*** Block opens ***

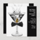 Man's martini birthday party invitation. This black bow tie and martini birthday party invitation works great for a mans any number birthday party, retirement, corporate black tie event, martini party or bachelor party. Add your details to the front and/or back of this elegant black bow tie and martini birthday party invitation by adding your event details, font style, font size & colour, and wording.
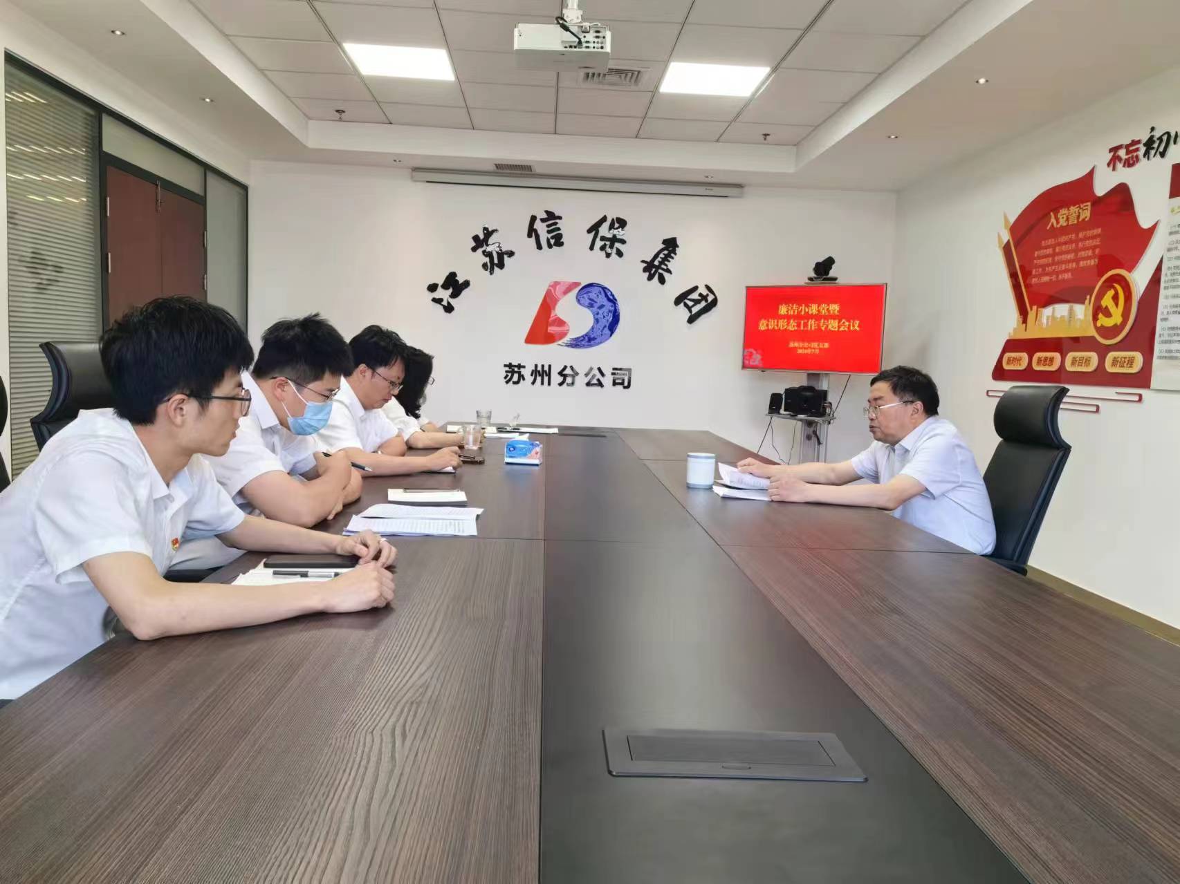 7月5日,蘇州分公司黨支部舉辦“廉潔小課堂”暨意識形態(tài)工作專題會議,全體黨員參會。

*** Block closes ***
*** Block opens ***

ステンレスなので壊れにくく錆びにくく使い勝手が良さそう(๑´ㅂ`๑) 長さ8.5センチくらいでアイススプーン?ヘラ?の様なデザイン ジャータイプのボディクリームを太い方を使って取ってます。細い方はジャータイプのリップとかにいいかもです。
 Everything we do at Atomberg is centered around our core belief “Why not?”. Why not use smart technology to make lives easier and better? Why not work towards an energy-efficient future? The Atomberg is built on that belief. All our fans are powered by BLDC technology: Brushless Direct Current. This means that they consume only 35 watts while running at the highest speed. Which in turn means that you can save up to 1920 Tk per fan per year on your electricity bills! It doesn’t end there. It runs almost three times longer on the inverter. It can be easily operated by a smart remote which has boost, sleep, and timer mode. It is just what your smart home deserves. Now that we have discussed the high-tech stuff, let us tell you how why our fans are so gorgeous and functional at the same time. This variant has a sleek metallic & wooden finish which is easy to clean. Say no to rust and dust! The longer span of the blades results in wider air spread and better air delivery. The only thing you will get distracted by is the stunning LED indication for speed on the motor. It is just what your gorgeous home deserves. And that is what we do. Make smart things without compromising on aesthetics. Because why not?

*** Block closes ***

» What you need to do
In the entries above, find the line with "Man's martini birthday" and the line with "7月5日,蘇州分公司黨支部舉". Write out exactly those two lines and every line between them, pictures excluded.

» Solution to the problem
 Man's martini birthday party invitation. This black bow tie and martini birthday party invitation works great for a mans any number birthday party, retirement, corporate black tie event, martini party or bachelor party. Add your details to the front and/or back of this elegant black bow tie and martini birthday party invitation by adding your event details, font style, font size & colour, and wording.
 7月5日,蘇州分公司黨支部舉辦“廉潔小課堂”暨意識形態(tài)工作專題會議,全體黨員參會。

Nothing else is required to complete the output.